Figure 3 Expression levels of the ten genes from the positive group and the gene from the negative group, CHI3L1, in 12 samples (samples 1-6 are DC samples and samples 7–12 are healthy samples). The x-axis represents the 12 samples and the y-axis represents the expression levels following standardization. The black line represents the expression level of CHI3L1 and the grey line represents the expression levels of ten genes in the positive group. CHI3L1, chitinase-3-like protein 1; DC, Dupuytren’s contracture; DDX3X, DEAD (Asp-Glu-Ala-Asp) box helicase 3 X-Linked; NFE2L2, nuclear factor erythroid 2-related factor 2; IFI16, γ-interferon-inducible protein 16; ITM2B, integral membrane protein 2B; NPC1, Niemann-Pick disease type C1; RND3, rho family GTPase 3; FAM129A, family with sequence similarity 129 A; EIF2S3, eukaryotic translation initiation factor 2 subunit 3 γ; LAMA4, laminin α 4; and AKR1C2, aldo-keto reductase family 1 member C2.

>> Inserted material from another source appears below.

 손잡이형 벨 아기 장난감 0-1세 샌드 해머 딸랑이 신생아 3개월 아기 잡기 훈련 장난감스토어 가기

Table I Significantly correlated genes and correlation coefficients.

Table I

Significantly correlated genes and correlation coefficients.

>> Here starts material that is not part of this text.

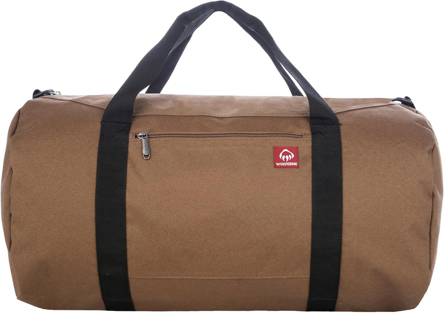 WOLVERINE 22″ Duffel Bag | Heavy Duty | Travel | Work | Outdoor | Center Zip | Barrel | Adjustable Strap(Chestnut)

Node ID1	Node ID2	Correlation coefficient	Node ID1	Node ID2	Correlation coefficient
CHI3L1	EIF2S3	−0.9273	EPHX1	ATF4	−0.90163
SFRP1	MASP1	0.91333	FAM12A	AKR1C2	0.9186
SFRP1	FBLN1	0.9048	SAA1	ATF4	−0.9023
FBLN1	MASP1	0.93677	NFE2L2	AKR1C2	0.94147
FBLN1	CLU	0.90097	LAMA4	AKR1C2	0.94183
COL15A1	RAB9A	−0.90623	ITM2B	AKR1C2	0.92597
RND3	AKR1C2	0.92937	RNF19A	ATF4	−0.904
EIF2S3	AKR1C2	0.92647	IFI16	AKR1C2	0.90557
DDX3X	AKR1C2	0.9201	NPC1	AKR1C2	0.91037

[i] CHI3LI, chitinase-3-like protein 1; SFRP, secreted frizzled-related protein 1; FBLN, fibulin; COL15A1, collagen type XV α 1; RND3, rho family GTPase 3; EIF2S3, eukaryotic translation initiation factor 2 subunit 3; DDX3X, DEAD (Asp-Glu-Ala-Asp) box helicase 3, X-linked; MASP1, mannan-binding lectin serine protease 1; CLU, clusterin; RAB, ras-related protein; AKR1C2, aldo-keto reductase family 1, member C2; EPHX1, epoxide hydrolase 1; FAM12A, family with sequence similarity 12, member A; SAA1, serum amyloid A1; NFE2L2, nuclear factor (erythroid-derived 2)-like 2; LAMA, laminin; ITM2B, integral membrane protein 2B; RNF19A, ring finger protein 19A; IFI16, γ-interferon-inducible protein 16; NPC1, Niemann-Pick disease, type C1; ATF4, activating transcription factor 4.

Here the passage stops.